Il primo sì al progetto è arrivato con un referendum fra gli abitanti locali a luglio. E gli esperti del settore che vogliono espandere il business in Asia seguono con interesse, considerata la vicinanza alla Cina popolare e ad altri mercati chiave come Giappone e Corea. Ma soprattutto, a decine di milioni di cinesi facoltosi col pallino del gioco, cui non mancano certo i mezzi per tentare la sorte, che troverebbero così a pochi chilometri da casa  - visto permettendo - un'alternativa a Macao, l'unico posto in Cina dove è permesso il gioco d'azzardo, grazie all'autonomia che le proviene dal prolungato status di colonia portoghese, e alla stessa Singapore che a sua volta ha aperto le proprie porte di recente al gioco d'azzardo, avendo fiutato l'aria. 

In realtà anche a Taiwan è illegale, ma un emendamento del 2009 lo consente - nell'ambito di resort con casinò - sulle isole vicine alla costa. Ecco perché le Matsu, a mezz'ora di traghetto dalla popolosa provincia di Fujian, in Cina (tra questa e il limitrofo Zhejiang vivono 40 milioni di persone) per soddisfare gli appetiti degli appassionati di tavolo verdi e macchinette, potrebbero tentare la sfida alla ex colonia portoghese, che, come giro d'affari, 
ha superato perfino Las Vegas.  

Il progetto di Weidner, ex direttore del Las Vegas Sands, prevede alberghi di lusso, centri sportivi e sale congressi con un investimento di 2 miliardi di dollari. Ma a far propendere per il sì gli abitanti, che hanno dato il loro assenso con il referendum estivo, è stata la promessa di realizzare infrastrutture fra cui un ponte per collegare le due principali isole dell'arcipelago, l'ampliamento dell'aeroporto, un'università, oltre alla garanzia di uno "stipendio" mensile per ognuno dei settemila abitanti. "Stipendio" da oltre 2.000 euro, per 5 anni a partire dal momento in cui la struttura sarà aperta: sicuramente una bella somma, per un remoto arcipelago taiwanese.

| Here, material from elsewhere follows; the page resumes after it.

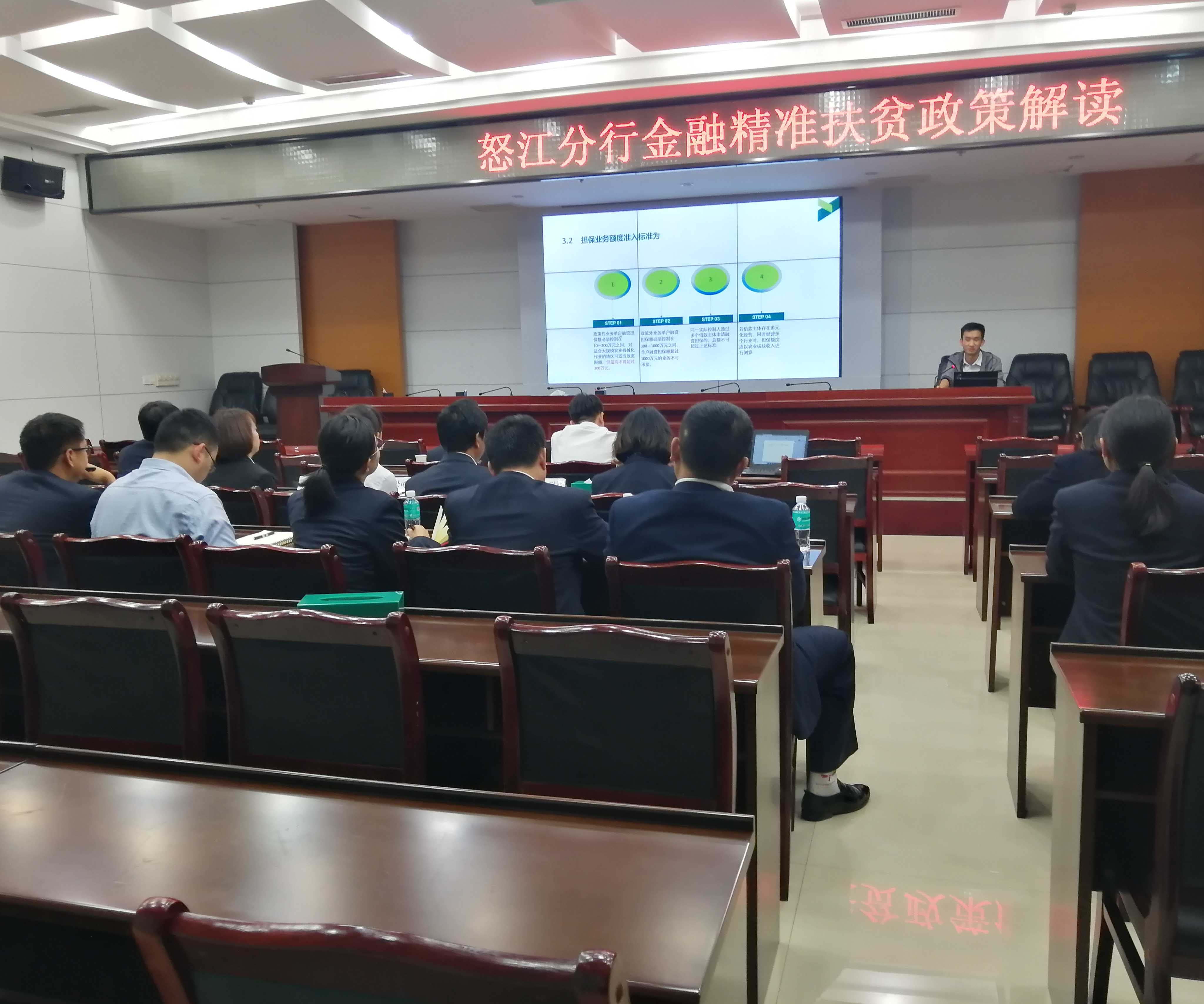 2019年3月27日,瀘水辦事處全體人員參加了農(nóng)業(yè)銀行瀘水市支行的“銀擔(dān)保座談會(huì)”,并現(xiàn)場(chǎng)開(kāi)展了業(yè)務(wù)培訓(xùn)。農(nóng)業(yè)銀行怒江州副行長(zhǎng)李磊、怒江州副行長(zhǎng)段玉珊,瀘水市副行長(zhǎng)李婧,和各縣市分行客戶(hù)經(jīng)理出席了會(huì)議。
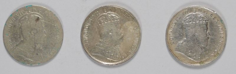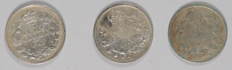 3 - CANADIAN SILVER FIVE CENTS; 1902, 1905, 1907 - VG/FINE

La prescelta, per il nuovo resort, è la placida isola di Beigan, bellissima e poco sviluppata. Quanto di più lontano dalla sfilza di eccessi che animano lo "strip" della capitale storica del gioco, in Nevada. Non c'è neanche l'ombra di celebrity chef, boutique griffate, fontane ad intermittenza o finte tour Eiffel. Il progetto prevede che il casinò sorga su un promontorio verdeggiante che guarda la bellissima spiaggia, nell'ambito di un complesso in stile mediterraneo. Ma non tutti sono d'accordo: l'idea fa aggrottare le ciglia al fronte dei contrari, che temono rischi per l'ambiente e per la cultura locale, convinti che il gioco porti non solo turisti e soldi, ma anche droga e criminalità, cambiando così per sempre l'isola e snaturandone il carattere.